Ah ha ha. Guess who improved every single grade in every single subject? (Except gym, but as long as he’s running around and having fun and listening to instruction, I’m unconcerned about that.) His overall grade in French is a bit lower, but his marks in comprehension of written and oral texts and production of written work have actually gone up. It’s his communication/speaking that has dipped and brought the overall grade down with it, but that’s completely in keeping with being measured against a different set of criteria and expectations. While he’s technically just under a passing grade in French at the moment, I couldn’t be prouder of how well he’s doing when everything is taken into account, and it will only get better. Comprehension comes before ease of communication in any new language.

We had a parent-child-teacher meeting after school on Thursday, and his teacher is just as excited as we are. He told me not to be concerned about the low mark (I assured him that I wasn’t, because the higher than expected marks in the two other French areas were a good sign of his development) and that Sparky’s achievements were pretty impressive. And when we left, Sparky told his teacher that he was going to stay in this new school for grade three — “Right, Mama?” he said, turning to me with a sudden anxiety. “Oh, yes,” I said. “I think we can guarantee that.” That, plus the illustrated page for one of his projects on which he’d written ‘I love school’ and his ongoing positive attitude and excitement about going to school speaks volumes to me about the fit of programme with his nature and educational needs.

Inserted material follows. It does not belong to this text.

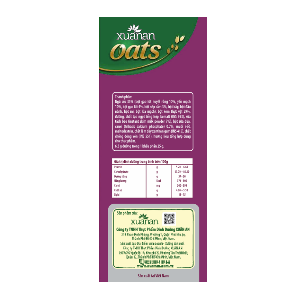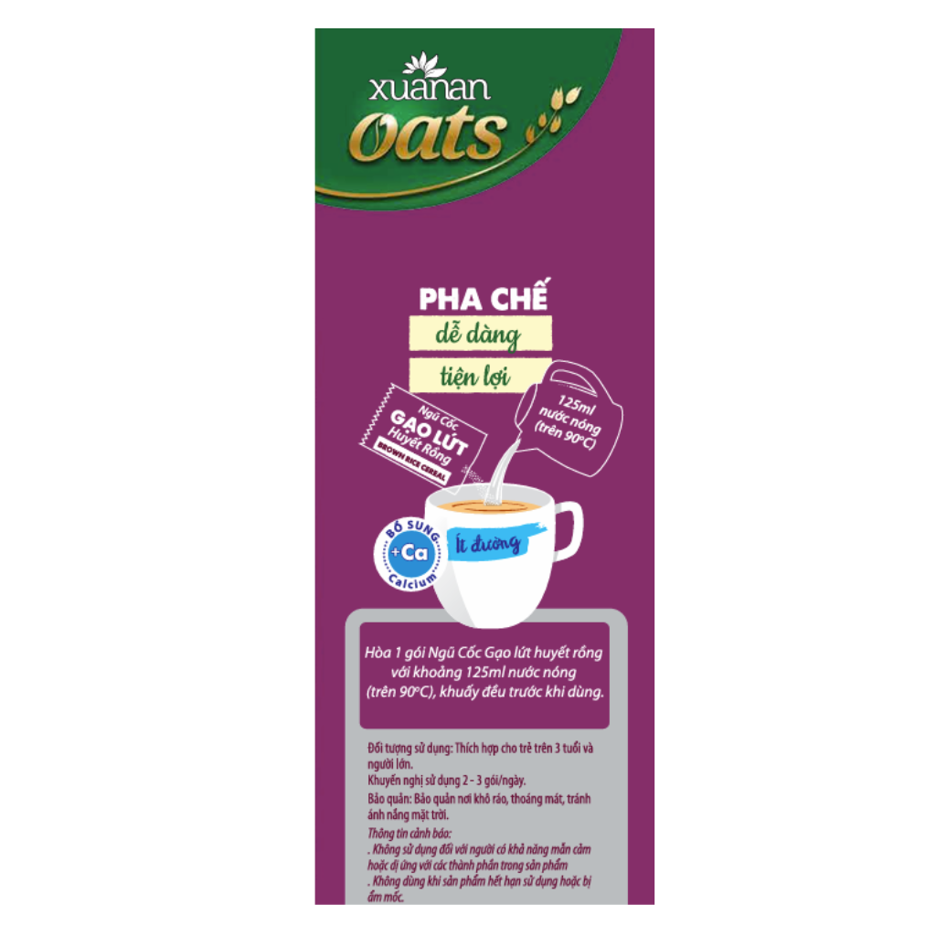 Combo NC Óc Chó Mè Đen 400gr (25G16 GÓI) + YM Hạnh Nhân Hạt Chia 400gr (25G16 GÓI) + Gạo Lức Huyết Rồng 400gr (25G16 GÓI) + Dinh Dưỡng Canxi 400gr (25G16 GÓI) +NC Yến Mạch 400gr (25G*16 GÓI) [ít đường] Yến Mạch, Óc chó và Mè đen là ba loại hạt được dùng khá phổ biến đối với mỗi gia đình vì chúng có tác dụng rất tốt cho sức khỏe. Đặc biệt, chúng phù hợp sử dụng với nhiều lứa tuổi, ngay cả trẻ nhỏ. Khi kết hợp 3 nguyên liệu này trong chế biến ngũ cốc thì chúng là loại ngũ cốc “Ngũ cốc Yến mạch, Óc chó và Mè đen” siêu hương vị thơm ngon, dinh dưỡng, ngậy béo nhưng không ngấy. Ngũ cốc YẾN MẠCH Hạnh nhân Hạt chia giàu dinh dưỡng và năng lượng, được làm từ yến mạch và nhiều loại ngũ cốc, ngoài ra còn có Hạnh nhân và Hạt chia là hai dưỡng chất chuyên biệt. Sản phẩm được bổ sung thêm can xi và sử dụng ít đường. Vitamin, chất xơ và đạm tự nhiên là nguồn dinh dưỡng tốt cho sức khỏe. Thành phần: Ngũ cốc 35% (Yến mạch 10%, bột gạo lứt 6%, bột gạo, bột bắp, bột đậu nành, bột lúa mì, bột lúa mạch), Hạt chia 3%, bột Hạnh nhân 3%, sữa bột nguyên kem, bột dừa, bột kem thực vật, đường, muối i-ốt, Canxi 0.7%, maltodextrin, chất là dày xanhthan gum (E415), chất chống đông vón (E551), hương liệu tổng hợp dùng cho thực phẩm. 6.75 gr đường trong khẩu phần 25g. Ngũ cốc DINH DƯỠNG can xi được làm từ rất nhiều loại ngũ cốc bằng công thứ đặc biệt. Sản phẩm được bổ sung Can xi giúp ngăn ngừa loãng xương và sử dụng ít đường. Vitamin, chất xơ và đạm tự nhiên là nguồn dinh dưỡng tốt cho sức khỏe. Thành phần: Ngũ cốc 32% (Yến mạch 10%, bột gạo lứt 5%, bột gạo, bột bắp, bột đậu nành, bột lúa mì, lúa mạch), sữa bột nguyên kem, bột dừa, bột kem thực vật, đường, muối i-ốt, Canxi 0.7%, maltodextrin, chất là dày xanhthan gum (E415), chất chống đông vón (E551), hương liệu tổng hợp dùng cho thực phẩm. 6.75 g đường trong 1 khẩu phần 25g. Ngũ cốc YẾN MẠCH được làm từ Yến mạch và nhiều loại Ngũ cốc bằng công thứ đặc biệt. Vitamin, chất xơ và đạm tự nhiên đem lại nguồn dinh dưỡng tốt cho sức khỏe. Sản phẩm được bổ sung thêm Can xi và sử dụng ít đường. Thành phần: Ngũ cốc 32% (Yến mạch 10%, gạo, gạo lứt 5%, bắp, đậu nành, lúa mì, lúa mạch), sữa bột nguyên kem, bột dừa, bột kem thực vật, đường, muối i-ốt, Canxi 0.7%, maltodextrin, chất là dày xanhthan gum (E415), chất chống đông vón (E551), hương liệu tổng hợp dùng cho thực phẩm. 7g đường trong 1 khẩu phần 25g. Ngũ cốc GẠO LỨT Huyet rong là thức uống thơm ngon bổ dưỡng, được làm từ gạo lứt, yến mạch và nhiều loại ngũ cốc. Sản phẩm được bổ sung thêm can xi và sử dụng ít đường. Vitamin, khoáng chất, chất xơ tự nhiên giúp hấp thu dinh dưỡng tốt và thanh lọc cơ thể. Thành phần: Ngũ cốc 32% (gạo lứt huyet rong 10%, yến mạch 6%, gạo lứt, gạo nếp cẩm 3%, bắp, đậu nành, lúa mỳ, lúa mạch), bột kem thực vật 29%, đường, đường ăn kiêng Isomalt, sữa tách béo 7%(Instant Skim Milk Powder &%), bột dừa, Canxi 0.7%, Muối I-ốt, maltodextrin, chất maltodextrin làm dày xanthan gum (E415), chất chống đông vón (E551), hương liệu tổng hợp dùng cho thực phẩm. 6.5 g đường trong khẩu phần 25g Đối tượng sử dụng: Trẻ từ 3 tuổi trở lên và người lớn, người ăn theo chế độ giảm đường. Hướng dẫn sử dụng: Hòa 1 gói Ngũ cốc YẾN MẠCH Hạnh nhân Hạt chia với khoảng 125ml nước sôi, khuấy đều trước khi dùng. Dùng 2-3 gói mỗi ngày Bảo quản: Bảo quản nơi khô ráo, thoáng mát; tránh tiếp xúc trực tiếp với không khí và ánh nắng mặt trời. Thông tin cảnh báo: Không dùng khi sản phẩm bị rách, mốc hoặc đã hết hạn sử dụng Sản phẩm của: Công ty TNHH Thực Phẩm Dinh Dưỡng Xuân An

It’s always nice to be told that it’s a joy to have your child in a class, and that his expression, creativity, sense of humour, willingness to work hard, and general happiness are pleasurable to behold. His teacher pointed out a couple of art projects in which Sparky thought outside the box and came up with slightly unusual ways to achieve a goal, and said that his fine motor skills and sense of building in three dimensions were advanced for his age (no surprise there). Sparky showed me his “portfolio” (a binder of his work so far) and I could very clearly see the evolution in his comprehension, his understanding of French grammar, and the vast improvement in his printing. He’s started learning cursive, too, and his little practice lines of cursive letters are adorable. In English he’s writing one-page stories, and they clearly have beginnings, middles, ends, are exciting, clear, and leave no loose ends or introduce no new characters or plot strands out of nowhere.

Today is a nice sunny ped day, and we are just back from a celebratory trip to Starbucks. We bundled Owlet up in her new ski jacket with the owls on it (pictures eventually!), put her in the stroller, and walked over. I had promised him a hot chocolate with whipped cream and a cookie. And I got a creme brûlée latte, because I work hard supervising and guiding his homework with him, and I deserved a treat, too. Last time we did this Owlet was still only a faint hope, and Sparky could only finish half his cocoa. Today Sparky finished every last drop of his chocolate, and Owlet sat on one of the chairs and grabbed for everyone’s drinks. (I fed her whipped cream from my latte and Sparky gave her a couple of bites of his cookie. She let it be known that it was Not Enough and next time things had better be different, though we do this so rarely that next time she’ll probably be drinking her own cocoa.)


Thanksgiving


We are thankful for making ends meet (it’s happening, and it’s only going to get better as we catch up), our lovely little house, our children, our family, our friends (near and far, in person and those we know and love thanks to the wonder of the Internet), our health, and the beautiful world around us.

And for leaf piles!

Sparky picked Owlet up and dumped her right into the middle of the pile of leaves that he’d raked up with his Nana, then rolled around with her. She loved it. Initiation into a Canadian fall tradition: complete.